Przekonałam się do tego suplementu pierwszy raz przy odchudzaniu będę stosować wspomagacz. Myślę,że do wakacji będę atrakcyjna i chłopacy będą mnie podrywać :Smile: ,że będę miała już dość tego :Smile:

----------


## Nie zarejestrowany

> Przekonałam się do tego suplementu pierwszy raz przy odchudzaniu będę stosować wspomagacz. Myślę,że do wakacji będę atrakcyjna i chłopacy będą mnie podrywać,że będę miała już dość tego


Tylko uważaj żeby nie było wpadki po tej Figurenie :Smile:

----------


## chmura

LIPA
Lepiej naturalne suplementy a nie truć się chemią, najpierw trzeba oczyścić jelita ze złogów np. młodym zielonym jeczmieniem, poźniej dodać do diety spiruline lub chlorellę, algi którę odkwaszają organizm. Ograniczyć mięso i słodycze i włączyć ruch. Nie dajcie się nabierać na chemiczne syntetyczne oszustwa !

----------


## chmura

Lepiej naturalne suplementy a nie truć się chemią, najpierw trzeba oczyścić jelita ze złogów np. młodym zielonym jeczmieniem, poźniej dodać do diety spiruline lub chlorellę, algi którę odkwaszają organizm. Ograniczyć mięso i słodycze i włączyć ruch. Nie dajcie się nabierać na chemiczne syntetyczne oszustwa !

----------


## Nie zarejestrowany

Te całe złogi to jest ściema jeszcze te zdjęcia na każdym forum o cudownym przeczyszczeniu jelit przestań reklamować jakieś gówno!

----------


## Alojzaa

Ja też jestem kolejnym przykładem że taki suplement diety jak figurena może tylko pomóc w odchudzaniu. w 3 miesiące 11 kg mniej.

----------


## Elejza

No moja koleżanka właśnie się dała namówić na figurene ma trochę do zrzucenia tych kg, planuje schudnąć do wakacji aż 20kg.
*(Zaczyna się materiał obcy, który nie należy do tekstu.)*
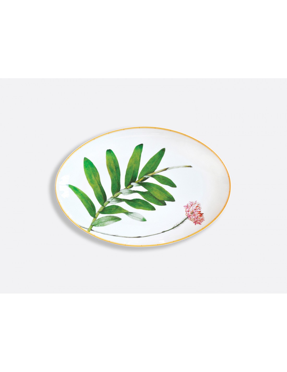 Se utilizaron ilustraciones del siglo XIX de un jardín de Mumbai que ya no existe para crear este patrón de flores y follaje. La original composición de las diferentes piezas de servicio y la diversidad de acuarelas permiten que esta colección coordine con la decoración moderna inspirada en los años 60' o la anglosajona, más natural y clásica.
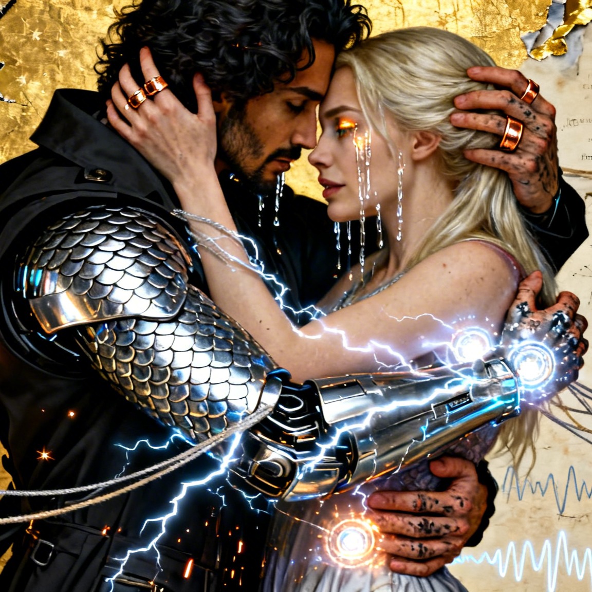 Duet: Male Riven XE and Female BellaBelle, basslines that drag, Drum machines, breathy vocals, 58Hz, goth, EDM, Raw voltage, reverb, passionate, emotional, synthwave, ‑80’s 90’s
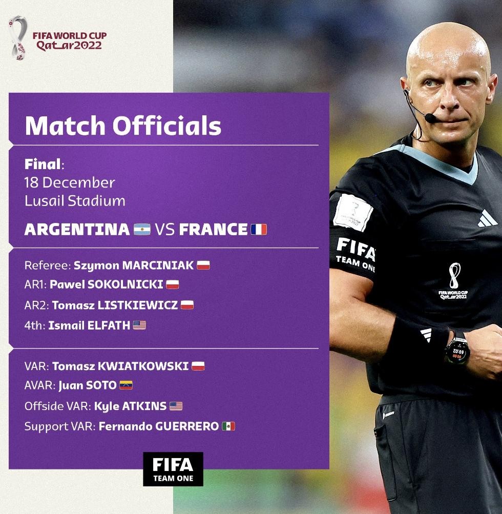 北京时间12月16日,世界杯决赛的对阵双方已经出炉了,阿根廷大战法国。而现在国际足联正式官宣,本次决赛的裁判也已经揭晓了,将是来自于波兰籍的裁判马齐尼亚克。

Kibicuje jej w tych planach. Sama  się zastanawiam czy nie kupić tego suplementu ale jeszcze poczekam na jej efekty.

----------


## Nie zarejestrowany

A jak kolezanka nie bedzie trzymać diety i bedzie za twoimi plecami podjadać to efetk bedzie marny. Jak chcesz schudnąć to kup sobie ten Suplement i trzymaj się diety POWODZENIA.

----------


## Nie zarejestrowany

> A jak kolezanka nie bedzie trzymać diety i bedzie za twoimi plecami podjadać to efetk bedzie marny. Jak chcesz schudnąć to kup sobie ten Suplement i trzymaj się diety POWODZENIA.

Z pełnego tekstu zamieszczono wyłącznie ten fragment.